AWS S3 + Spark (EMR)
Prerequisites
- AWS account with EMR and S3 permissions
- S3 bucket provisioned (e.g.
s3://my-org-shardyfusion-test/)
- EMR cluster with Spark 3.5 or 4.x, Python 3.11-3.13, Java 17
Write Test
# On EMR master node
pip install shardyfusion[writer-spark]
from shardyfusion import WriteConfig, ValueSpec
from shardyfusion.writer.spark import write_sharded
config = WriteConfig(num_dbs=8, s3_prefix="s3://my-org-shardyfusion-test/spark-test")
result = write_sharded(df, config, key_col="id", value_spec=ValueSpec.binary_col("payload"))
# Verify
assert result.stats.rows_written > 0
assert len(result.winners) == 8
print(f"Manifest: {result.manifest_ref}")
- [ ]
num_dbs=8 completes successfully
- [ ]
num_dbs=64 completes successfully
- [ ]
num_dbs=256 completes successfully
- [ ] Manifest JSON is valid and readable
Read Test
from shardyfusion import ShardedReader
reader = ShardedReader(
s3_prefix="s3://my-org-shardyfusion-test/spark-test",
local_root="/tmp/reader-test",
)
value = reader.get(42)
batch = reader.multi_get([1, 2, 3, 42, 100])
info = reader.snapshot_info()
print(info)
reader.close()
- [ ]
get() returns correct values
- [ ]
multi_get() returns all expected keys
- [ ]
snapshot_info() shows correct metadata
- [ ] Reader works from a separate machine (not the EMR cluster)
Cross-Writer Test
- [ ] Write with Spark, read with Python reader on a different host
- [ ] Routing produces identical shard assignments
AWS S3 + Dask
Prerequisites
- Python 3.11-3.13 environment with
pip install "shardyfusion[writer-dask]"
- Use
pip install "shardyfusion[writer-dask-sqlite]" to exercise the SQLite backend instead
- S3 credentials configured via env vars or
~/.aws/credentials
Test
import dask.dataframe as dd
from shardyfusion import WriteConfig, ValueSpec
from shardyfusion.writer.dask import write_sharded
ddf = dd.from_pandas(pdf, npartitions=4)
config = WriteConfig(num_dbs=8, s3_prefix="s3://my-org-shardyfusion-test/dask-test")

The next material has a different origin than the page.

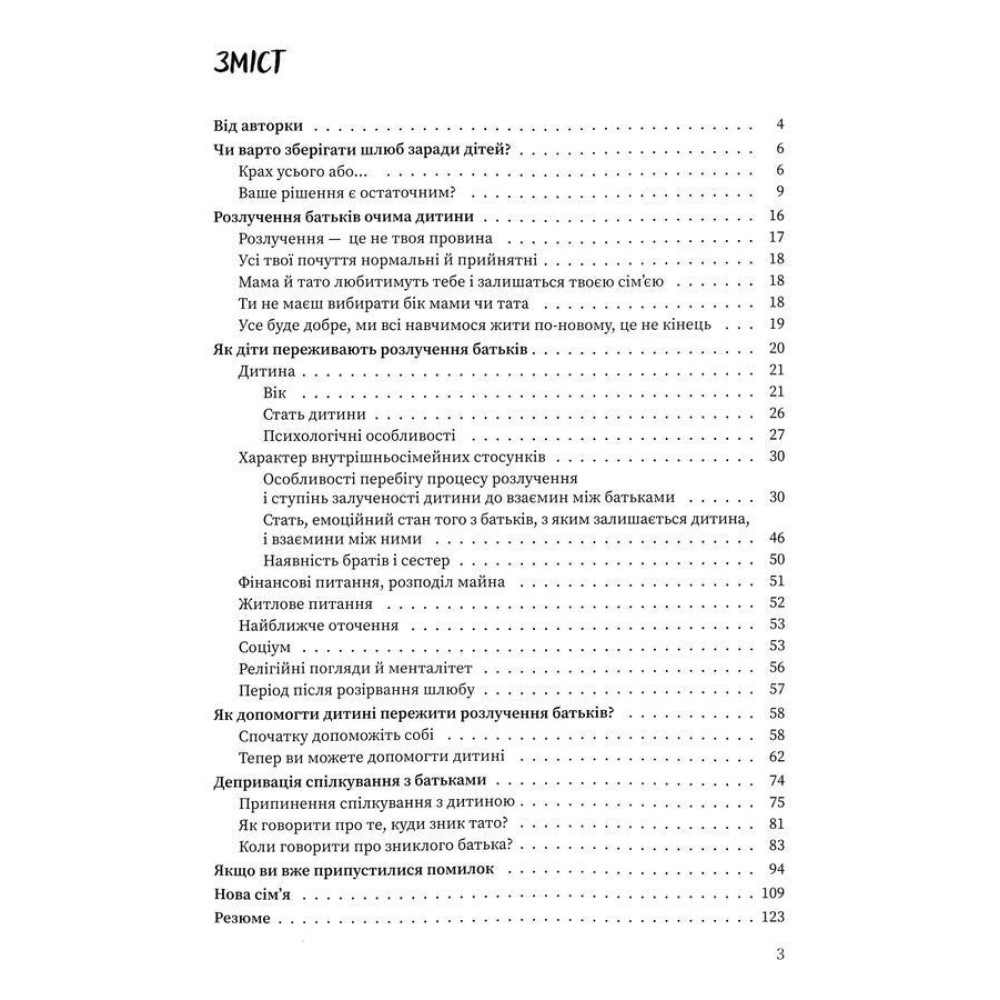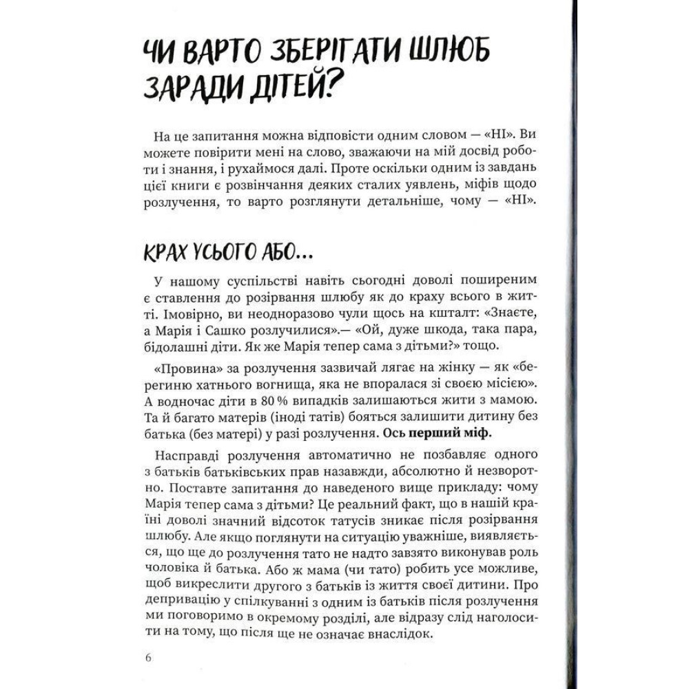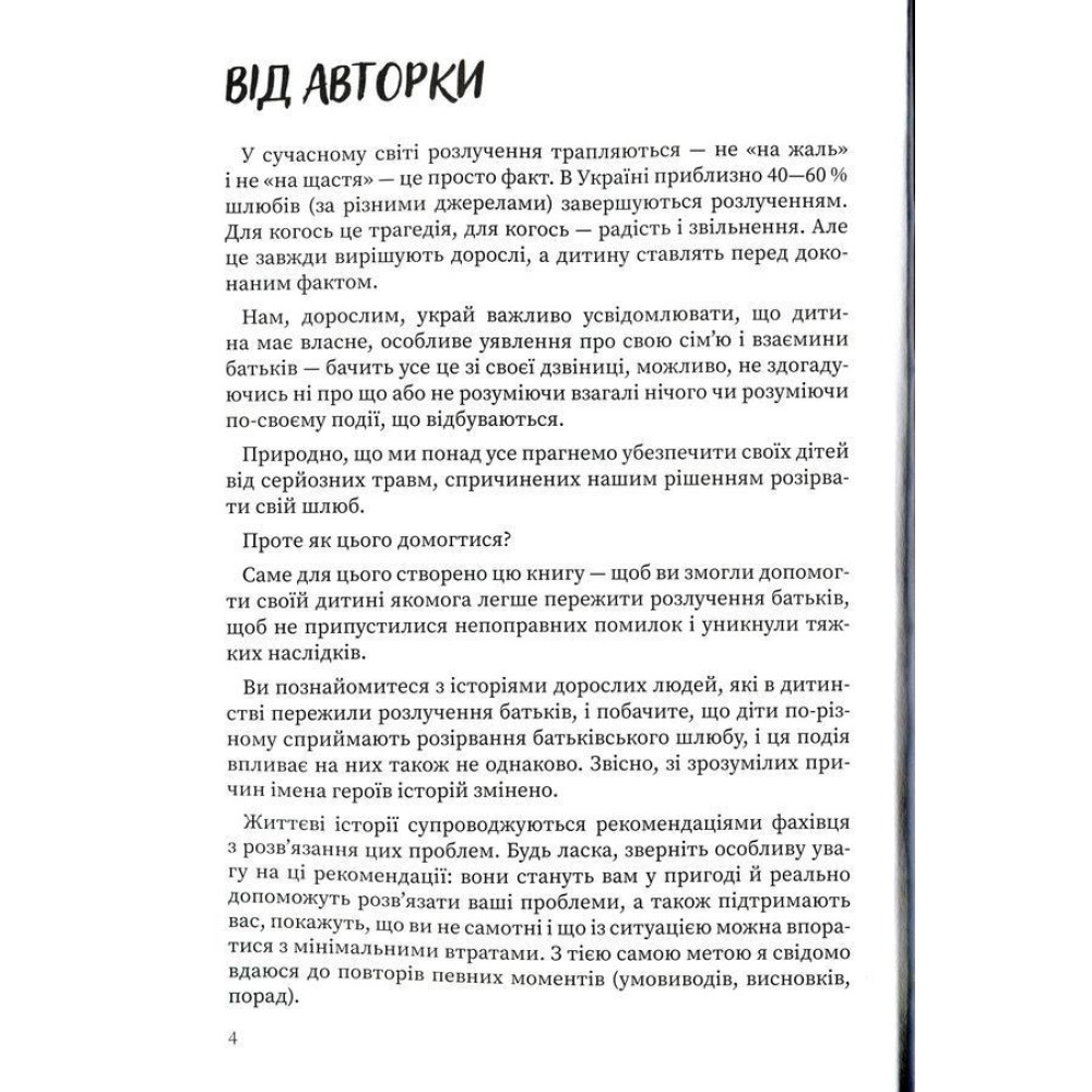 Також у книзі авторка розповідає про інші ситуації та аспекти розлучення, як наприклад:

result = write_sharded(ddf, config, key_col="id", value_spec=ValueSpec.binary_col("payload"))
- [ ] Hash sharding completes
- [ ] CEL sharding completes (with
ShardingSpec(strategy=ShardingStrategy.CEL, ...))
- [ ] Rate limiting verified (
max_writes_per_second=1000)
- [ ] Read test with
ShardedReader passes
AWS S3 + Ray
Prerequisites
- Python 3.11-3.13 environment with
pip install shardyfusion[writer-ray]
- Ray cluster or local mode
Test
import ray
from shardyfusion import WriteConfig, ValueSpec
from shardyfusion.writer.ray import write_sharded
ds = ray.data.from_items([{"id": i, "payload": b"data"} for i in range(10000)])
config = WriteConfig(num_dbs=8, s3_prefix="s3://my-org-shardyfusion-test/ray-test")
result = write_sharded(ds, config, key_col="id", value_spec=ValueSpec.binary_col("payload"))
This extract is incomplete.